As chance would have it, on the morning of February 26, 2022, I came across an interview with the former German Minister of State in the Foreign Office and former First Mayor of Hamburg, Klaus von Dohnanyi. The interview with him had been broadcast by Mitteldeutscher Rundfunk (Central German Broadcasting), a public broadcaster for the federal states of Thuringia, Saxony and Saxony-Anhalt (my home state). I followed von Dohnanyi’s statements live on the Internet.

Von Dohnanyi cited a written memo from the U.S. Secretary of State referring to NATO, without which German unification would not have been possible because the Soviets would otherwise have refused to give their consent. The German politician said in a statement: “Baker’s reference in that note implies Germany can join NATO as a whole, but beyond that there is no expansion.” And further: “The context is completely indisputable – anyone who denies this does not know the files.”

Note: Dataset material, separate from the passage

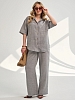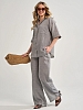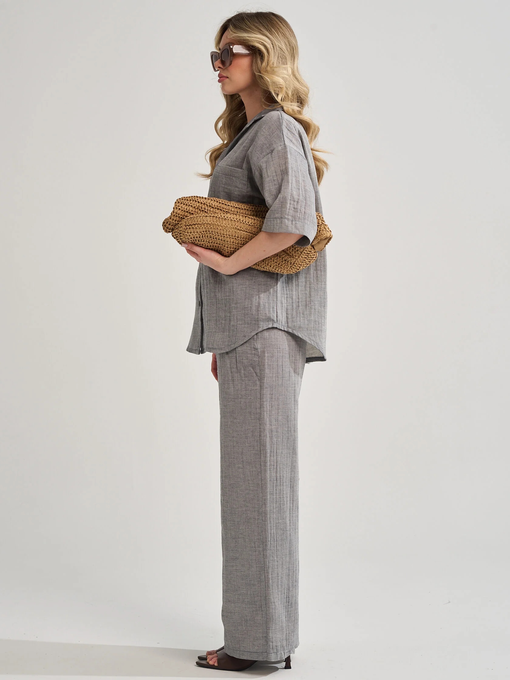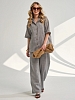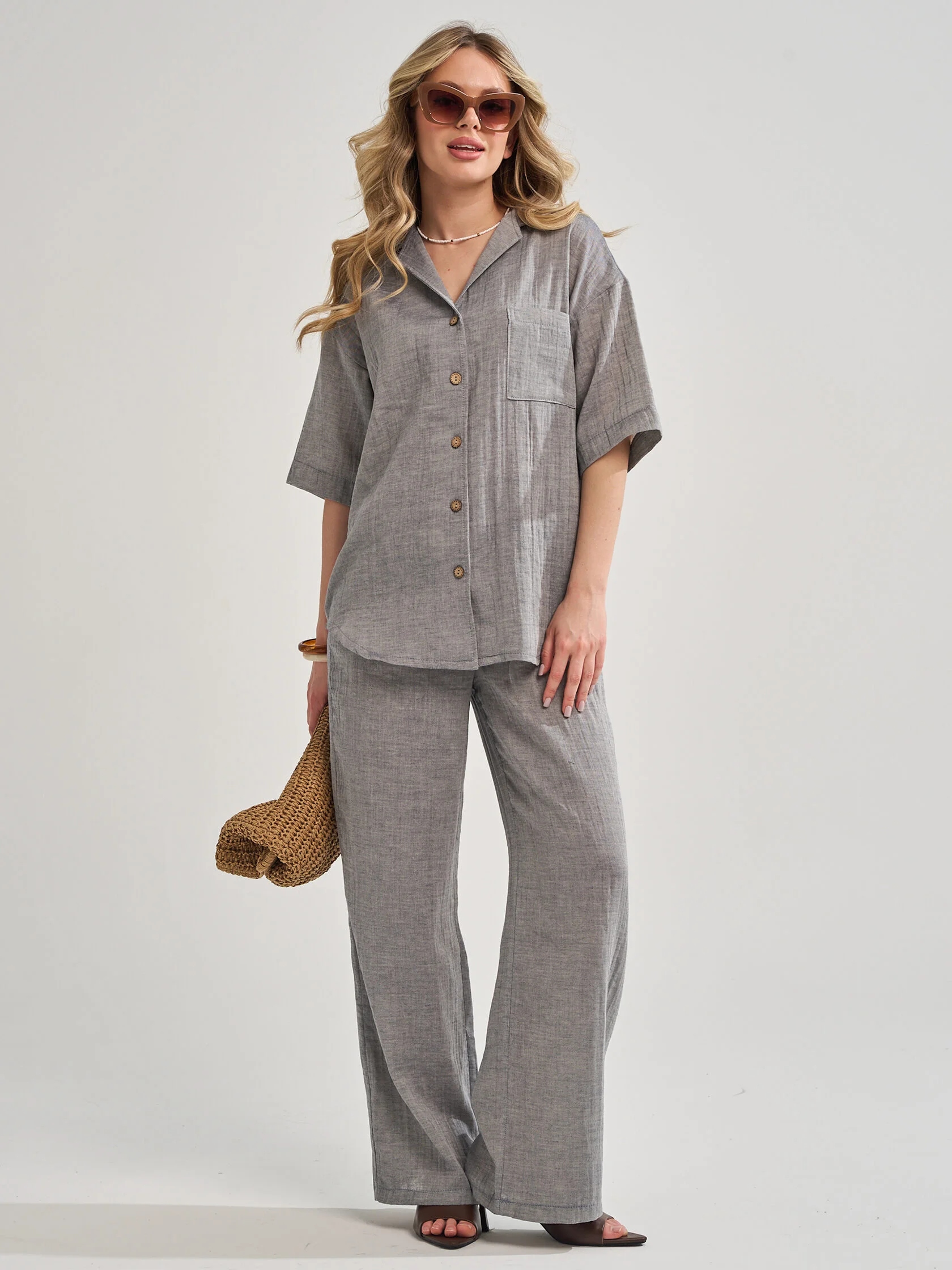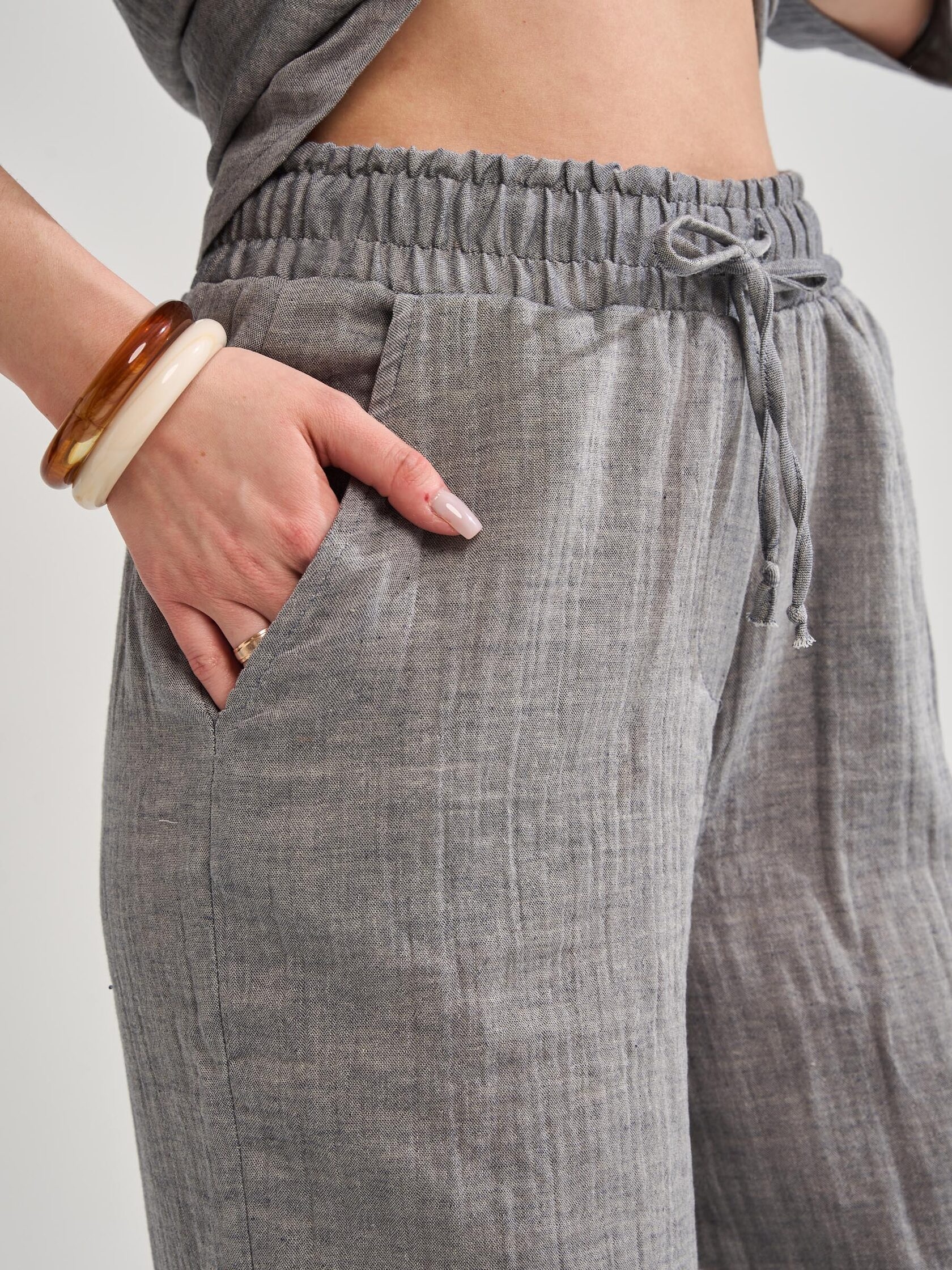 Женский костюм с брюками из муслина — лёгкий и комфортный комплект, подходящий для лета, дома, отдыха или офиса. Муслин — это 100% хлопок, который хорошо пропускает воздух, не вызывает аллергии и сохраняет форму после стирок.

So, we have two statements here. One diplomat doesn’t really get to the topic, avoids it politely and very clever – the other diplomat quotes the file situation.

I personally have not seen this note, but it hardly makes sense why the Soviets de facto gave up everything they had gained in World War II without at least securing their own borders and demanding corresponding assurances from the West. This seems highly unlikely – regardless of the fact that in 1990 no one could have accurately foreseen the breakup of the Soviet Union and with it the emergence of independent former Soviet republics like Ukraine that would now pursue their own security interests.

In addition, there are statements in audio and visual documents from politicians active at the time who, by their own admission, did not intend NATO to expand eastward – see my article “The West’s Falsification of History.”

Let’s conclude with one of the most respected and brilliant diplomats the U.S. has ever had: George F. Kennan, the architect of US post-World War II strategy of containment of the Soviet Union. When secretary of state Madeleine Albright in 1999 formally welcomed Poland, Hungary and Czech Republic into the North Atlantic Treaty Organization (NATO) at the Harry S. Truman presidential library in Independence, Missouri, Kennan called the expansion of NATO into Central Europe “the most fateful error of American policy in the entire post-Cold war area”, causing damage “beyond repair” to efforts to transform Russia from an enemy into a partner.

My implication is the following: Putin is inexcusable, because every war is a crime, no matter who starts it. But how the West presents itself these days is not only frightening, but shameful.

The West bears a historically verifiable share of the guilt for the war in Ukraine.